HAWC Search for High-mass Microquasars

Microquasars with high-mass companion stars are promising very high energy (VHE; 0.1-100 TeV) gamma-ray emitters, but their behaviors above 10 TeV are poorly known. Using the High Altitude Water Cerenkov (HAWC) observatory, we search for excess gamma-ray emission coincident with the positions of known high-mass microquasars (HMMQs). No significant emission is observed for LS 5039, Cyg X-1, Cyg X-3, and SS 433 with 1523 days of HAWC data.
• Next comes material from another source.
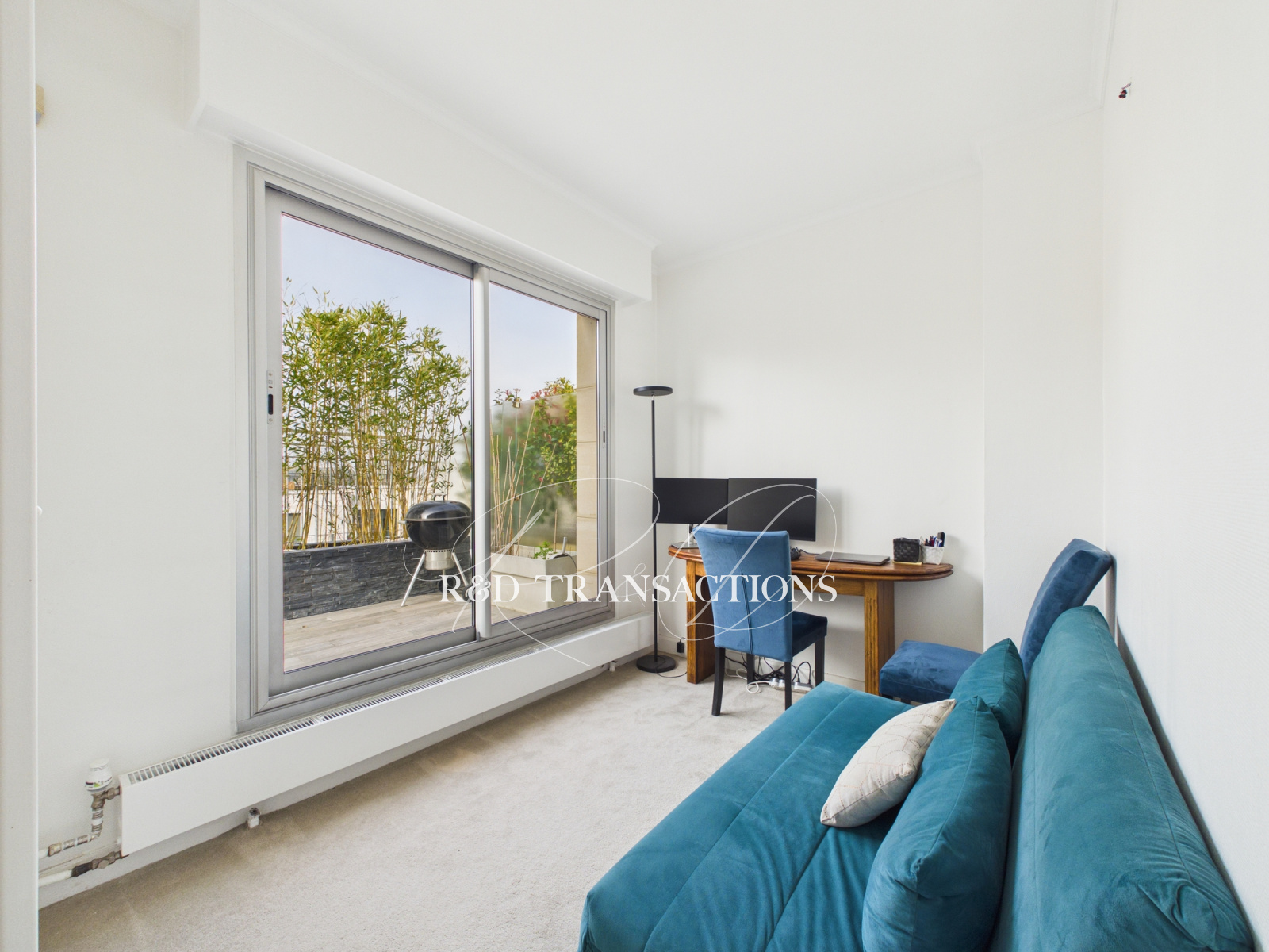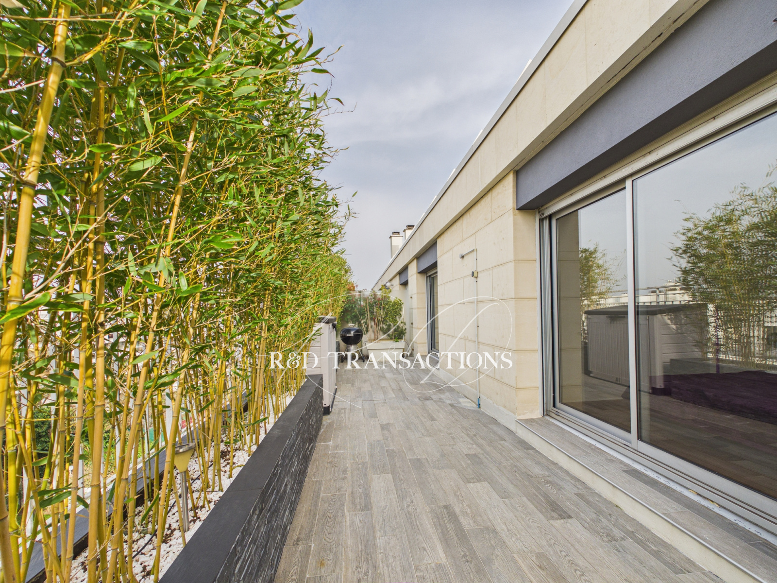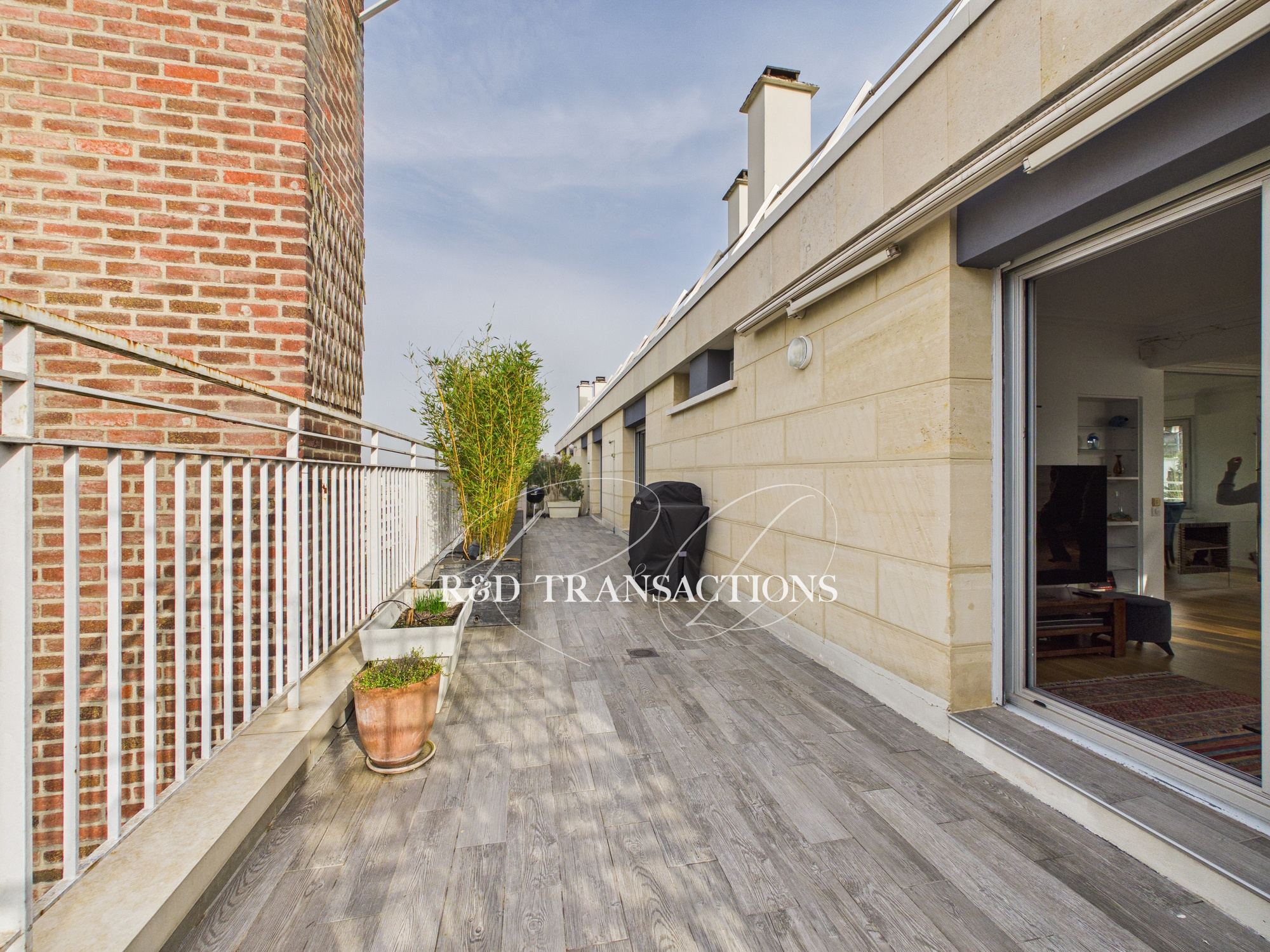 Saint Cloud rue Marie Bonaparte au sein d'une belle copropriété en pierre de taille ( 1970) , au calme , un appartement duplex de 127 m2 carrez en dernier étage (seul à l'étage) composé au niveau supérieur (100 m2) d'une belle entrée desservant un double séjour , lumineux avec 3 expositions s'ouvrant sur une terrasse de 46 m2 avec vue Paris, cheminée, une cuisine semi ouverte, 2 chambres ( possibilité 3) , une salle de bain, une buanderie, 2 WC, Nombreux rangements. Au niveau inférieur, un studio de 27 m2 composé d'une entrée, d'une séjour/chambre s'ouvrant sur un balcon, une grande salle de bain et rangements. Belles prestations ( volets electriques, climatisation, parquet massif) . Une cave et un box (30 m2) pour un stationnement double complètent le bien. Gardien. Possibilité de rediviser les lots. Nombreux travaux entrepris au sein de la copropriété dont le ravalement , l'isolation / étanchéité de la toiture et la rénovation des parties communes. Prix : 978 000 € FAI dont 3% d'honoraires charge acquéreurs.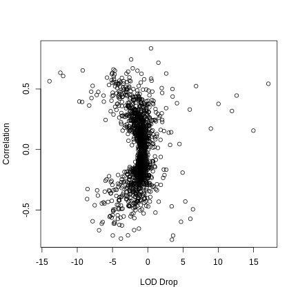 plot(med_hot$lod_drop, cor_11, xlab = "LOD Drop", ylab = "Correlation")

We set the most stringent limit above 10 TeV obtained to date on each individual source. Under the assumption that HMMQs produce gamma rays via a common mechanism, we have performed source-stacking searches, considering two different scenarios: (I) gamma-ray luminosity is a fraction epsilon (gamma) of the microquasar jet luminosity, and (II) VHE gamma rays are produced by relativistic electrons upscattering the radiation field of the companion star in a magnetic field B. We obtain epsilon (gamma) < 5.4 x 10(-6) for scenario I, which tightly constrains models that suggest observable high-energy neutrino emission by HMMQs. In the case of scenario II, the nondetection of VHE gamma rays yields a strong magnetic field, which challenges synchrotron radiation as the dominant mechanism of the microquasar emission between 10 keV and 10 MeV.

Automated summary

Using the HAWC observatory, no significant excess gamma-ray emission above 10 TeV was observed around high-mass microquasars, setting stringent limits on their emission. Different scenarios were considered, with the result that models suggesting observable high-energy neutrino emission by HMMQs are tightly constrained. The non-detection of VHE gamma rays also challenges the dominance of synchrotron radiation as the microquasar emission mechanism between 10 keV and 10 MeV.